Saved entries
##########

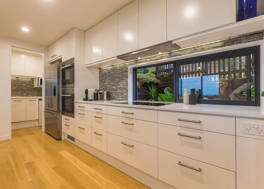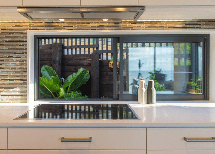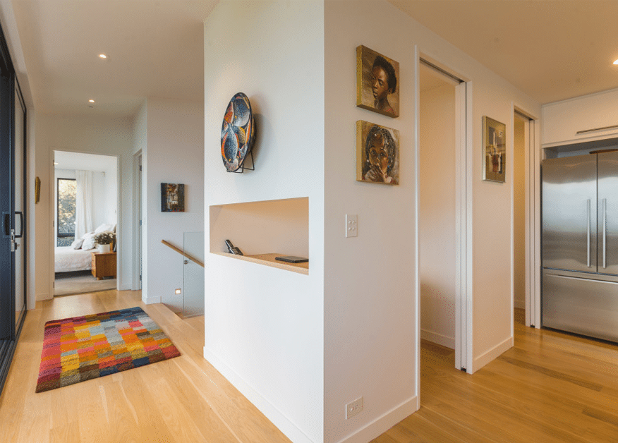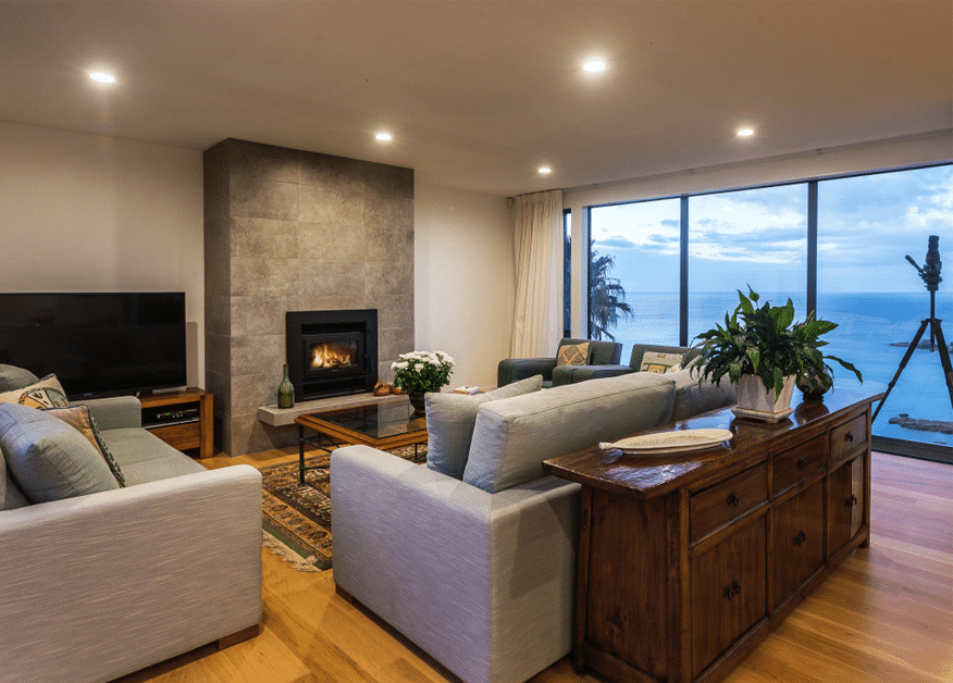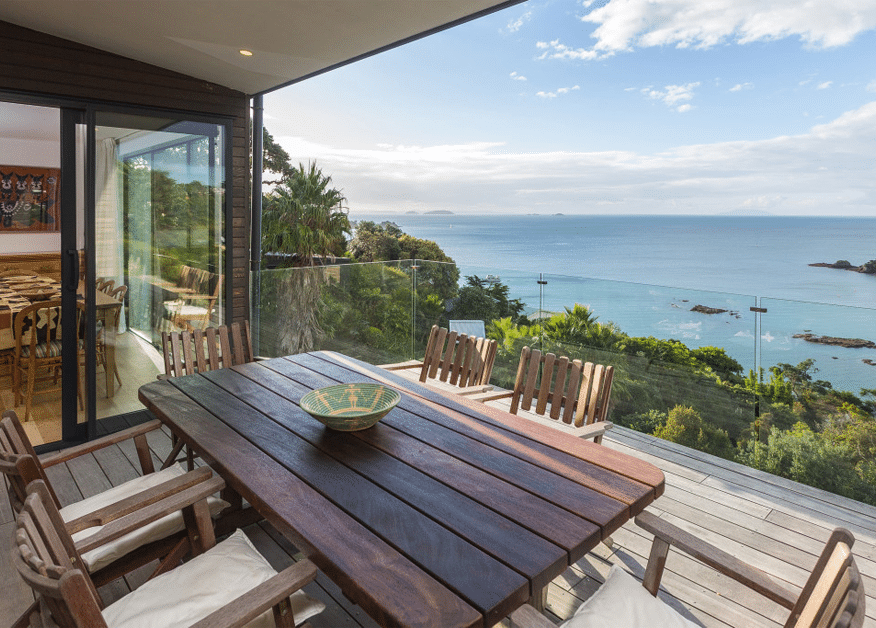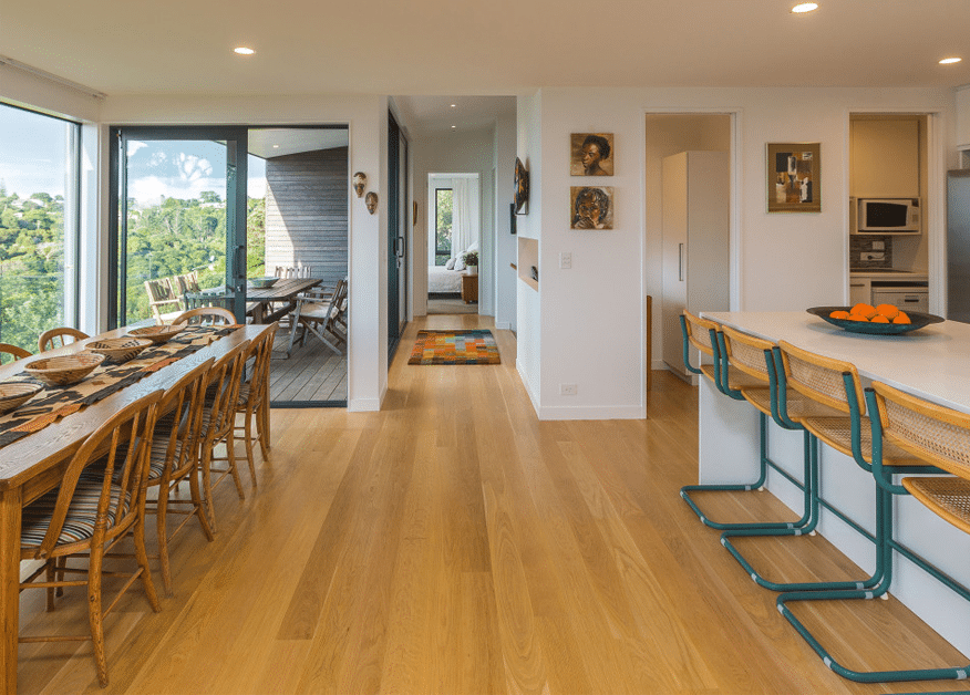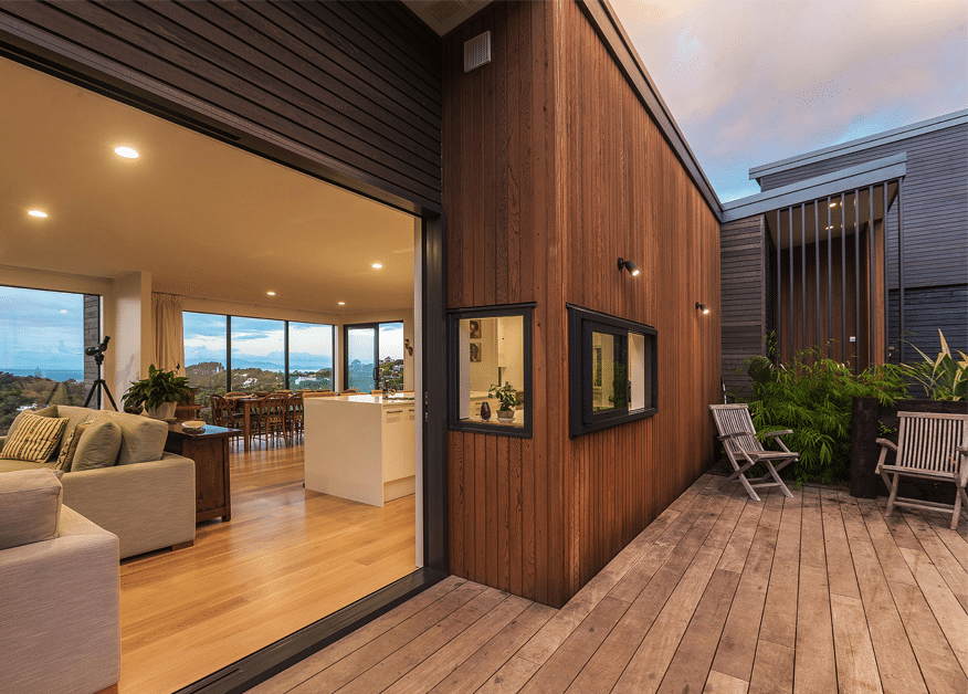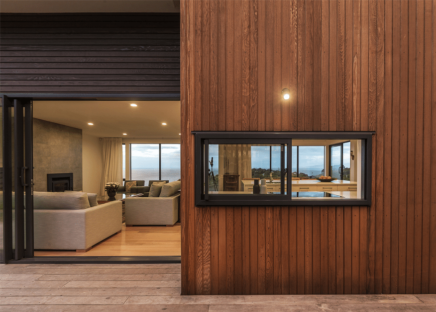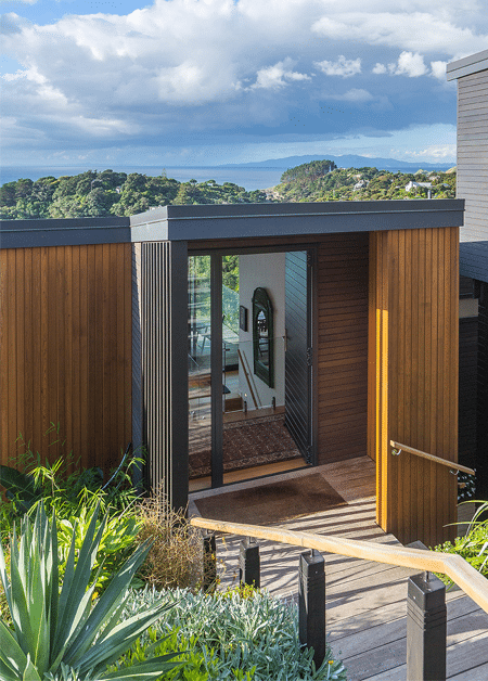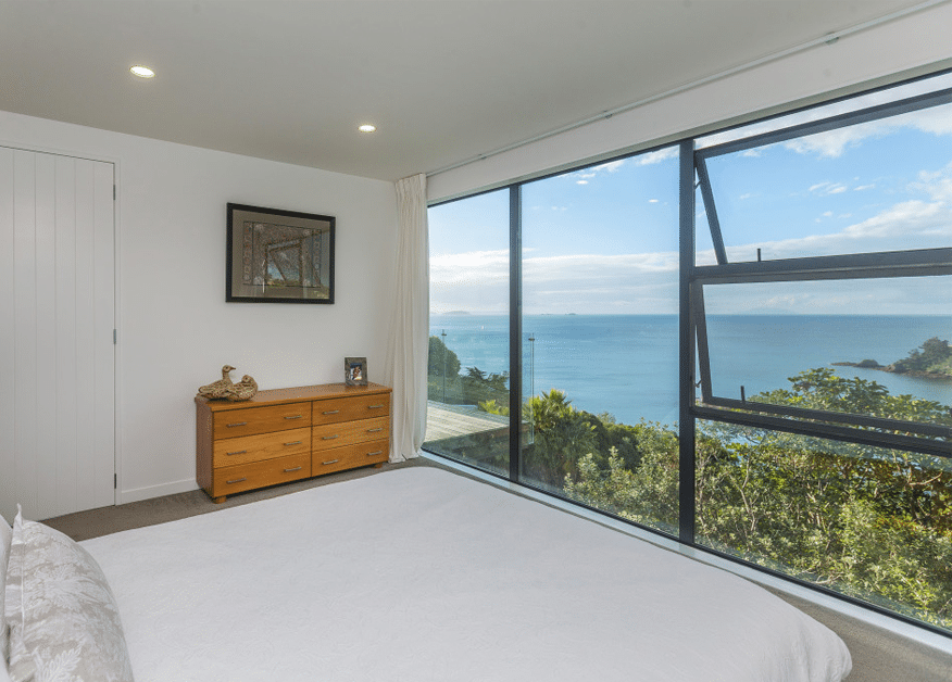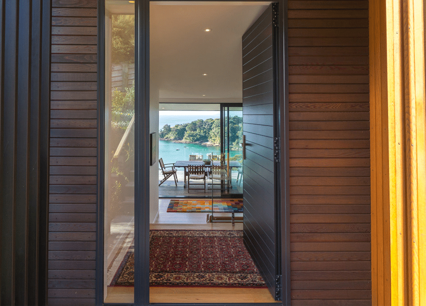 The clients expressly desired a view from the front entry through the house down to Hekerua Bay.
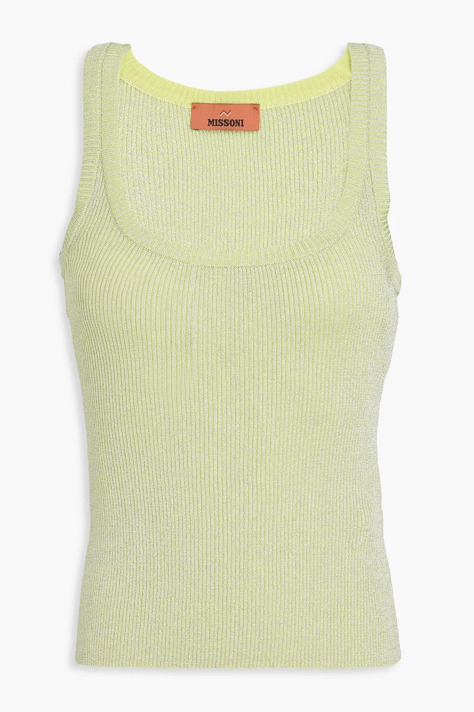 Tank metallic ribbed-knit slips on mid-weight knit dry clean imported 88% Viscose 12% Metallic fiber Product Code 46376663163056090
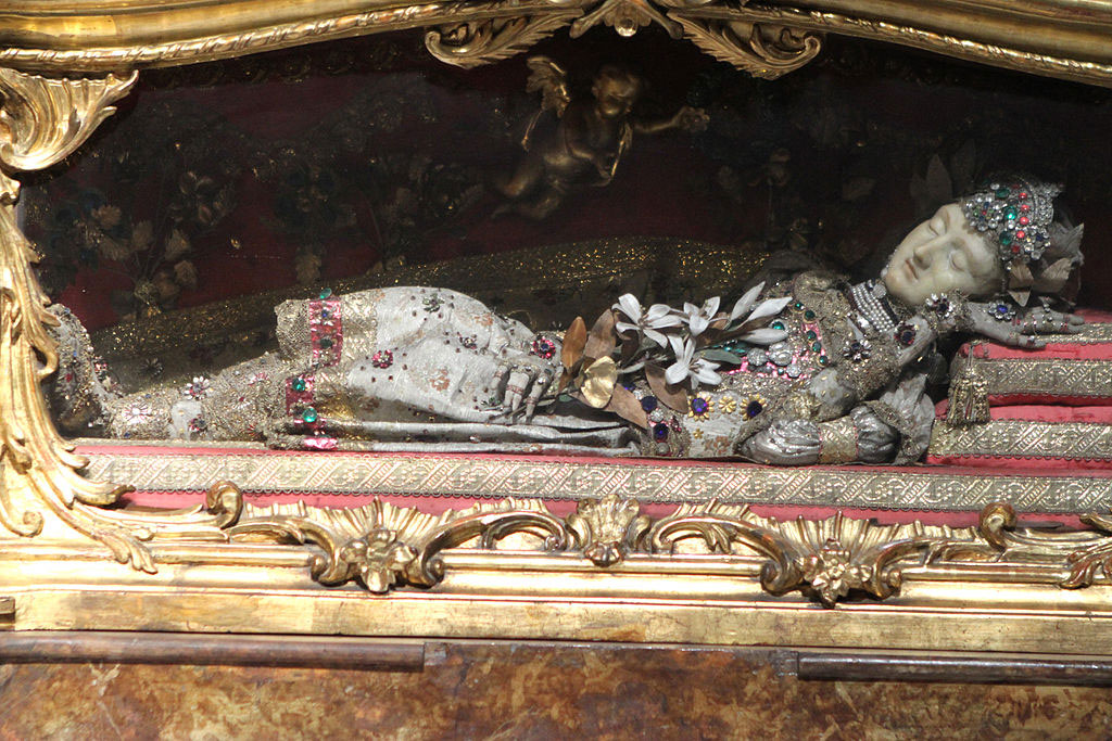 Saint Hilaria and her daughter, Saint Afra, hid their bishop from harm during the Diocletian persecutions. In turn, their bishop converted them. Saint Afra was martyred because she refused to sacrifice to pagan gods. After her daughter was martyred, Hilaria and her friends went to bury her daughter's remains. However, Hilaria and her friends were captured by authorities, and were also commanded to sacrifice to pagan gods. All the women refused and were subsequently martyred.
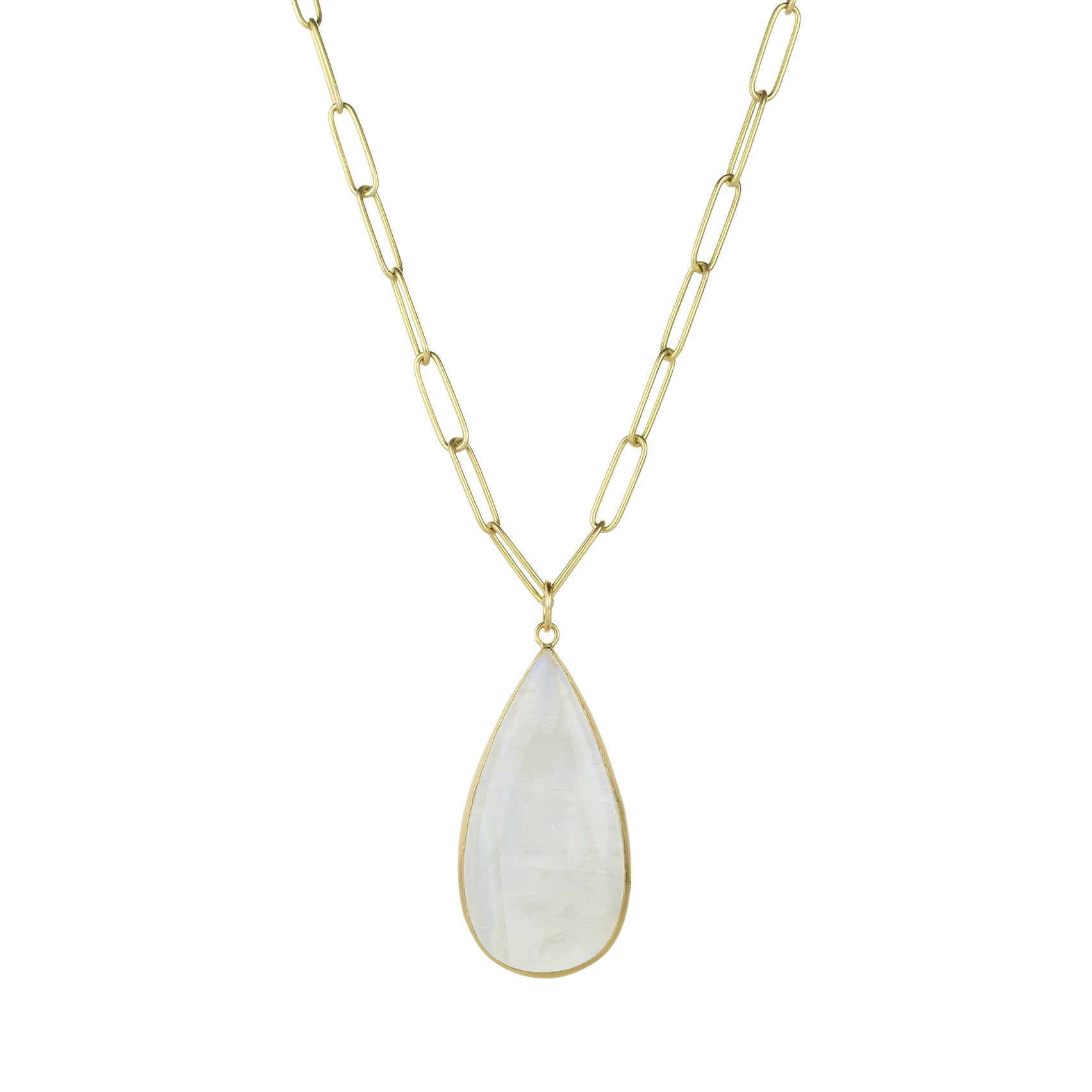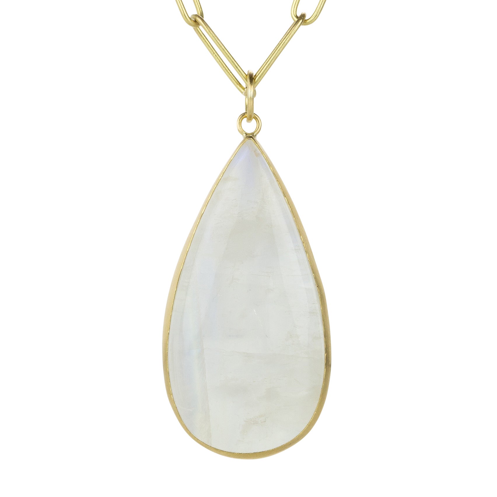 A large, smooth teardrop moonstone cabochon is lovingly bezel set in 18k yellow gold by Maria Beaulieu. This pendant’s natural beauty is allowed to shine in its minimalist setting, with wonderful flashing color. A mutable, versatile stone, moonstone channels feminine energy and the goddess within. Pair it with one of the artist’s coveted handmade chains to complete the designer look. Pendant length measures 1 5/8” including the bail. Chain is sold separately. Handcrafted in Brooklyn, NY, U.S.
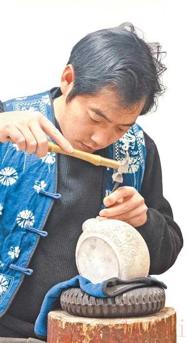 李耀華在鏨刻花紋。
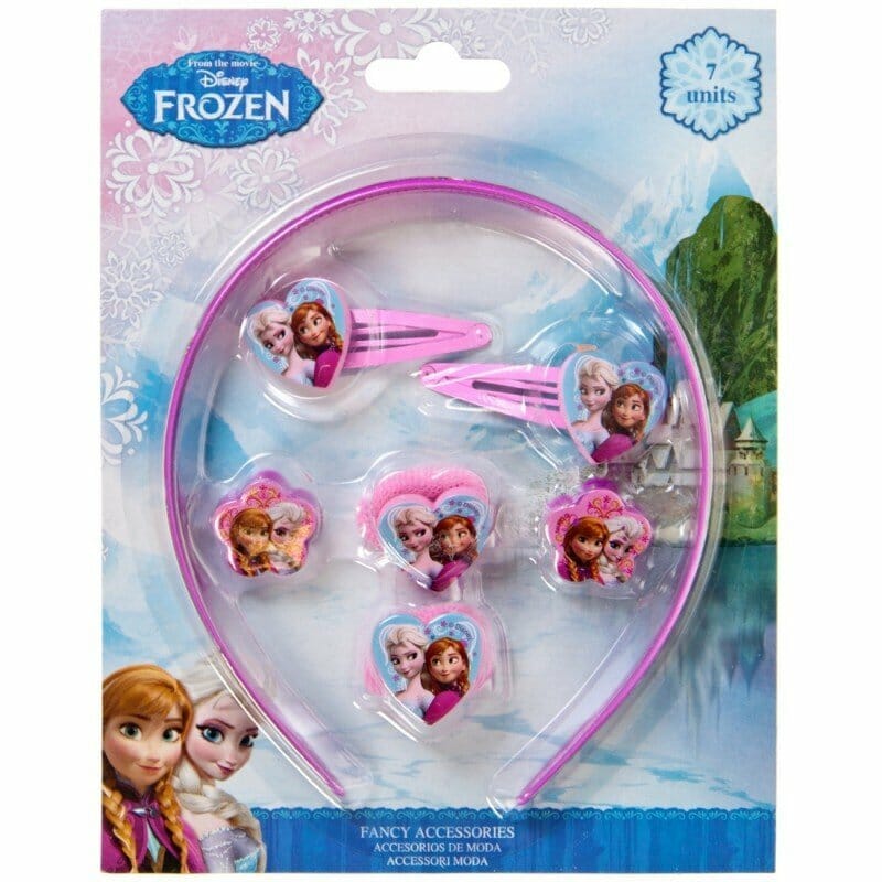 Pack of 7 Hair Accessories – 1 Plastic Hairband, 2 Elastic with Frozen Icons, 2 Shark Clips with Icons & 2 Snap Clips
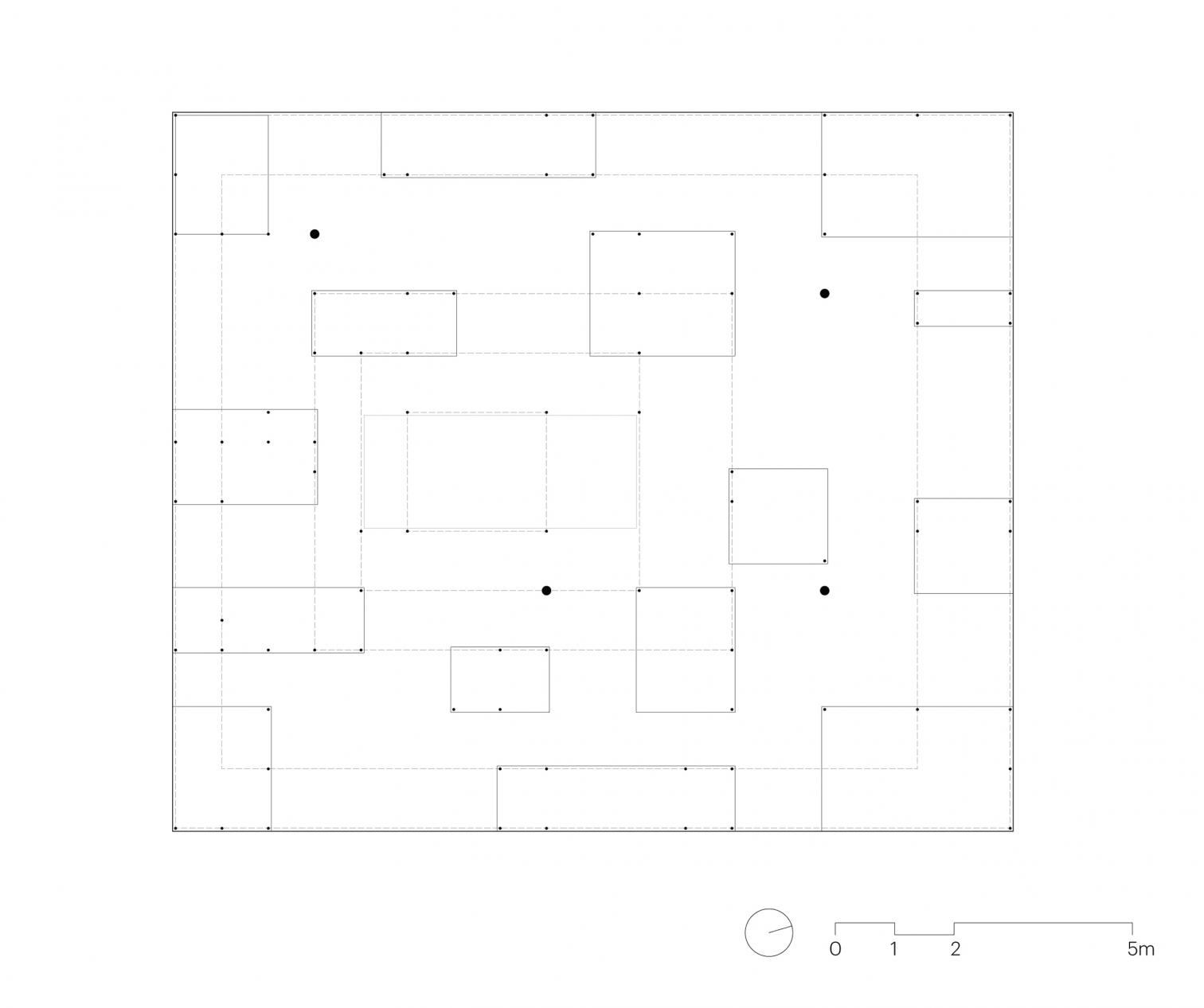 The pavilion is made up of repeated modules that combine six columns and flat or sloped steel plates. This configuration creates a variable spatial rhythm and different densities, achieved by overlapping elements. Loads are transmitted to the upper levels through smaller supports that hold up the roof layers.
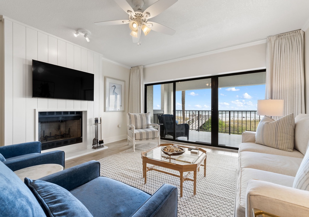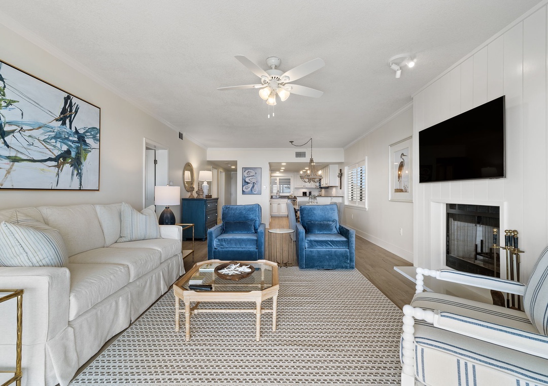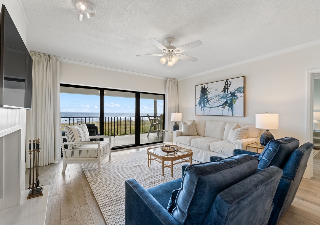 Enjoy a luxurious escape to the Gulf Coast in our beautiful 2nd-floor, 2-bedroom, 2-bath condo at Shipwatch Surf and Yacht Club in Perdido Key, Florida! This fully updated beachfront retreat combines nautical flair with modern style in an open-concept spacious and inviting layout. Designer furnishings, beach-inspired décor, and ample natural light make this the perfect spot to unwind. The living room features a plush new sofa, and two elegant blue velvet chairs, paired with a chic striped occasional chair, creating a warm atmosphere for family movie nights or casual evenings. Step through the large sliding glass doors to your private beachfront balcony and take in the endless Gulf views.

##########

ABOUT THIS TASK: The data is to be returned exactly as it stands, pictures aside.

RESULT OF THIS TASK:
 The clients expressly desired a view from the front entry through the house down to Hekerua Bay.
 Tank metallic ribbed-knit slips on mid-weight knit dry clean imported 88% Viscose 12% Metallic fiber Product Code 46376663163056090
 Saint Hilaria and her daughter, Saint Afra, hid their bishop from harm during the Diocletian persecutions. In turn, their bishop converted them. Saint Afra was martyred because she refused to sacrifice to pagan gods. After her daughter was martyred, Hilaria and her friends went to bury her daughter's remains. However, Hilaria and her friends were captured by authorities, and were also commanded to sacrifice to pagan gods. All the women refused and were subsequently martyred.
 A large, smooth teardrop moonstone cabochon is lovingly bezel set in 18k yellow gold by Maria Beaulieu. This pendant’s natural beauty is allowed to shine in its minimalist setting, with wonderful flashing color. A mutable, versatile stone, moonstone channels feminine energy and the goddess within. Pair it with one of the artist’s coveted handmade chains to complete the designer look. Pendant length measures 1 5/8” including the bail. Chain is sold separately. Handcrafted in Brooklyn, NY, U.S.
 李耀華在鏨刻花紋。
 Pack of 7 Hair Accessories – 1 Plastic Hairband, 2 Elastic with Frozen Icons, 2 Shark Clips with Icons & 2 Snap Clips
 The pavilion is made up of repeated modules that combine six columns and flat or sloped steel plates. This configuration creates a variable spatial rhythm and different densities, achieved by overlapping elements. Loads are transmitted to the upper levels through smaller supports that hold up the roof layers.
 Enjoy a luxurious escape to the Gulf Coast in our beautiful 2nd-floor, 2-bedroom, 2-bath condo at Shipwatch Surf and Yacht Club in Perdido Key, Florida! This fully updated beachfront retreat combines nautical flair with modern style in an open-concept spacious and inviting layout. Designer furnishings, beach-inspired décor, and ample natural light make this the perfect spot to unwind. The living room features a plush new sofa, and two elegant blue velvet chairs, paired with a chic striped occasional chair, creating a warm atmosphere for family movie nights or casual evenings. Step through the large sliding glass doors to your private beachfront balcony and take in the endless Gulf views.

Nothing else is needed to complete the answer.